A Northrop Grumman spokesman would not say who was responsible for disposing of the drive, but in its statement the company noted that “the fact that this information is outside our control is disconcerting.”

Some of the documents talked about how to recruit airport screeners and several of them even covered data security practices, Klein said. “It was a wonderful, ironic twist,” Klein said. “Here were these contracts being awarded based on their ability to keep the data safe.”

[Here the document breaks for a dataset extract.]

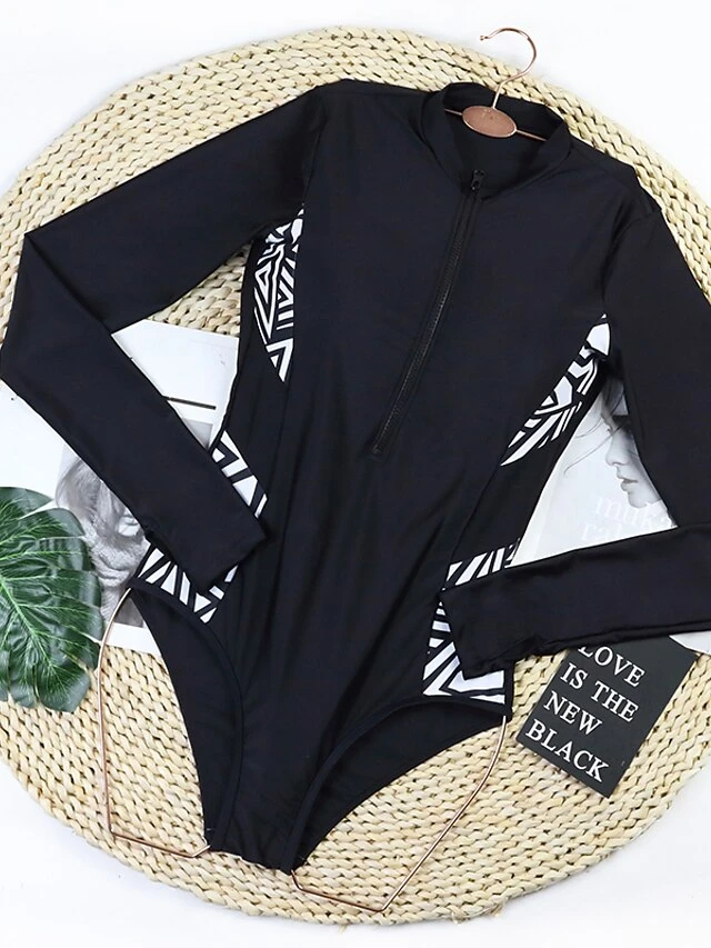 Women’s Swimwear Rash Guard Diving Normal Swimsuit Zipper Splice Multicolor Black Padded High Neck Bathing Suits New Vacation Holiday
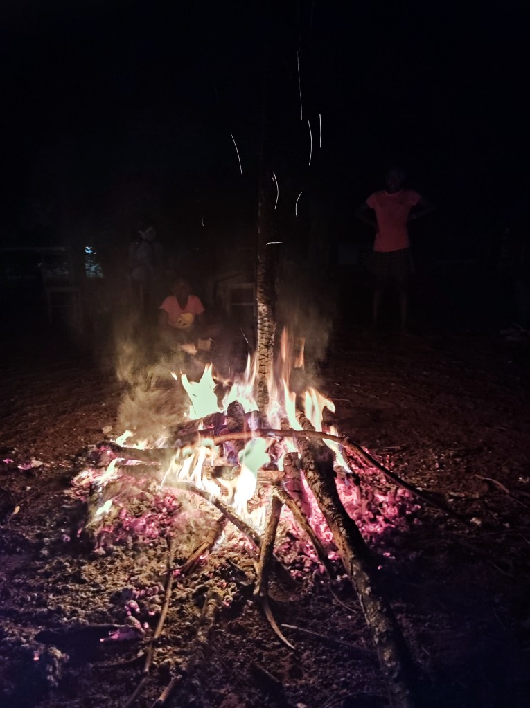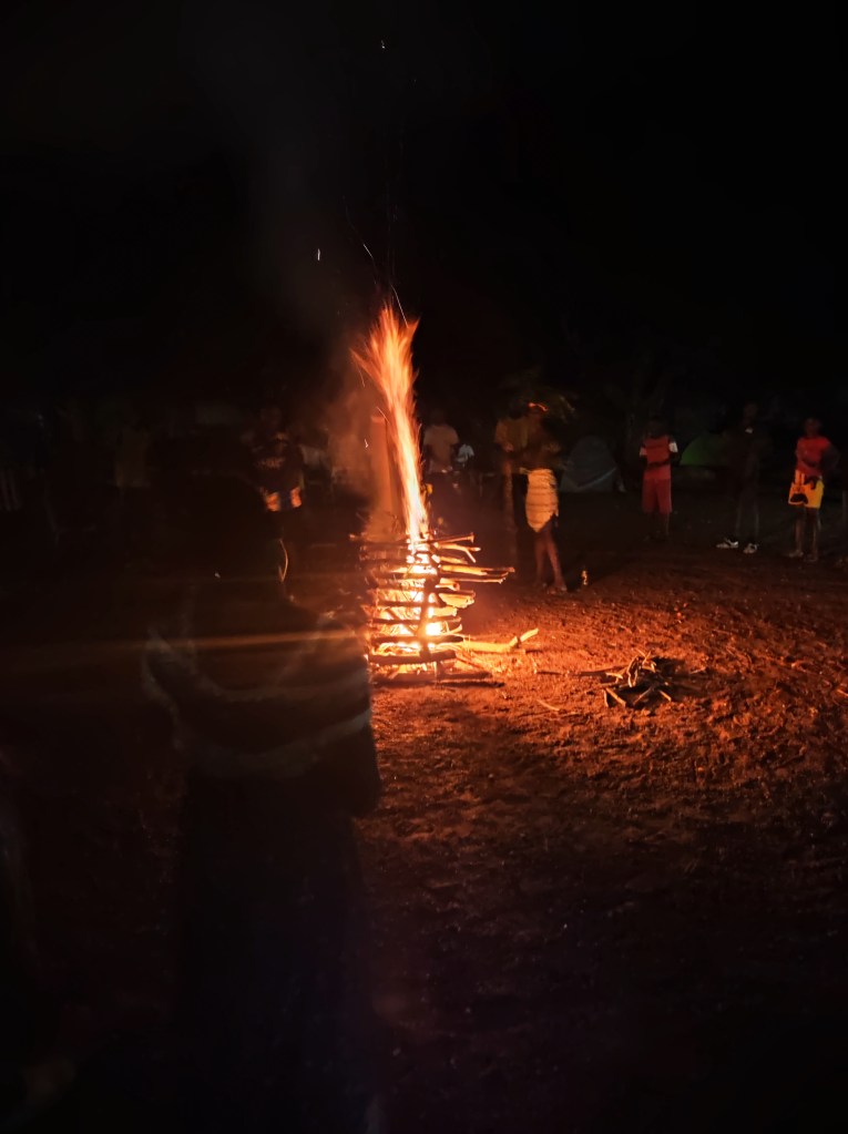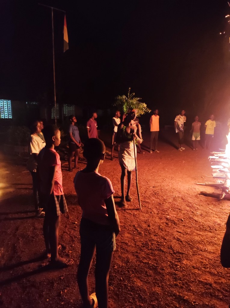 Fabrice, il responsabile del gruppo di Agnibilekrou, gestisce i movimenti e i tempi dell’accensione, mentre Alban, giovane animatore della parrocchia, anche lui scout, gira a torso nudo con delle foglie dell’albero di neem a circondargli la testa, aggiungendo e togliendo legna: è lui il guardiano. In mezzo alla pira sta un pilone centrale, posto perpendicolarmente al terreno. Gli scout mi spiegano che quel pilone si chiama “la regina” e che fino a quando resterà in piedi, nessuno del gruppo potrà allontanarsi dal fuoco. Fabrice spiega che questo fuoco ricorda quello che incendiò il palazzo di un re nel Benin. Questo re aveva una figlia generosa che continuò a donare anche dopo la sua morte improvvisa perché dalla sua tomba nacque della manioca, invece il re e la sua regina erano indifferenti e lontani dal loro popolo e morirono in un terribile incendio del palazzo. Dopo il primo momento più solenne è il tempo delle esibizioni e ogni gruppo ha preparato una piccola storia da raccontare agli altri, anche io mi esibisco in qualche pezzo di chitarra da cantare e danzare e i tamburi suonano senza sosta come solo in Africa. Ormai comincio ad essere davvero stanco, quando anche “la regina” cede: il pilone centrale è completamente consumato ed implode su se stesso lasciando me e gli altri scout liberi di ritirarsi nelle loro camere.

According to Klein, it’s common for old computers and electronic devices to be improperly dumped in developing countries such as Ghana and China, where locals scavenge the material for components, often under horrific working conditions.

Last year the U.S. Government Accountability Office found that a substantial amount of the country’s e-waste ended up in developing countries, where it was often dangerously disposed of.

The reporters bought seven hard drives, Klein said. The other drives contained sensitive information about their previous owners, including credit-card numbers, resumes and online account information.

Off-camera, sources in Ghana told the reporters that data thieves routinely scour these hard drives for sensitive information, Klein said.

Although that may be worrying to some, security experts say that there is already a vast quantity of this type of information available online from criminals who have stolen it from hacked computers.

Compared to hacking, stealing data from old hard drives is pretty inefficient, said Scott Moulton, an Atlanta data-recovery expert who teaches classes on data recovery. “It’s a tremendous amount of work, so it’s only going to be the bottom-of-the-barrel guys who would do that,” he said. “It’s happening on a small scale.”

Still, it’s easy for criminals to find data on drives, even when they’ve been legitimately wiped clean, Moulton said. He buys used hard drives by the hundreds for his classes. These drives have been professionally wiped, but his students always find at least one drive in each class with information still on it.

That’s because it’s easy for a drive to get missed during the wiping process or improperly wiped. Compounding the problem, the software that some recycling companies use doesn’t actually remove all data from the drive, especially data that may be hidden on corrupted parts of the hard drive known as bad blocks, he explained.

The surest way to get your data off of a hard drive is to physically destroy it, Moulton said.